Within the listing below, show every line that contains the word "black".
-------- Data for analysis --------
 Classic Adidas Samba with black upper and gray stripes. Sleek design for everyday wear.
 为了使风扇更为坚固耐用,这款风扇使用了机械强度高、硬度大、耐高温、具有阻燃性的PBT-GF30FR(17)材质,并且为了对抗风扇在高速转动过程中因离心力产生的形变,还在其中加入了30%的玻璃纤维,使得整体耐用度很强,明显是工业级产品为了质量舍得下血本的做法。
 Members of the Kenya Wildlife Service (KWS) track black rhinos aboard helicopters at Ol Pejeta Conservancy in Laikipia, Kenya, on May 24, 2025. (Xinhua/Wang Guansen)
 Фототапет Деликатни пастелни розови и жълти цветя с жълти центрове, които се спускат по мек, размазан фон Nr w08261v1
--------
-------- Data for analysis --------
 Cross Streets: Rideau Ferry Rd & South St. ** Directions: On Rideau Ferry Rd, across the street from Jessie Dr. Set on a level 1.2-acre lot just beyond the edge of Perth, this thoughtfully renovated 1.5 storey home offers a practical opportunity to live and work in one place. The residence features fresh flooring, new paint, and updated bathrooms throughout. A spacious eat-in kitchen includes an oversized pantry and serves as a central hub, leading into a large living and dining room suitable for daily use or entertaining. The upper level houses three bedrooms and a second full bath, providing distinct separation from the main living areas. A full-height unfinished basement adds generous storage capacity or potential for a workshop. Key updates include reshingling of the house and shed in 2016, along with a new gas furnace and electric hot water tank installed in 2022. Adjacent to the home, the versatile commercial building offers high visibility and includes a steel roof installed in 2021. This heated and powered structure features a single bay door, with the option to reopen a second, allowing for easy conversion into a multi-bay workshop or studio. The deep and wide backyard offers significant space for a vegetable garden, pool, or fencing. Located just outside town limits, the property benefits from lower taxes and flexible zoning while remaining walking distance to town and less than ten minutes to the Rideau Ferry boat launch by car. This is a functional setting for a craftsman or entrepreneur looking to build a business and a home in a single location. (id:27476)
--------
### Task solution
 Classic Adidas Samba with black upper and gray stripes. Sleek design for everyday wear.
 Members of the Kenya Wildlife Service (KWS) track black rhinos aboard helicopters at Ol Pejeta Conservancy in Laikipia, Kenya, on May 24, 2025. (Xinhua/Wang Guansen)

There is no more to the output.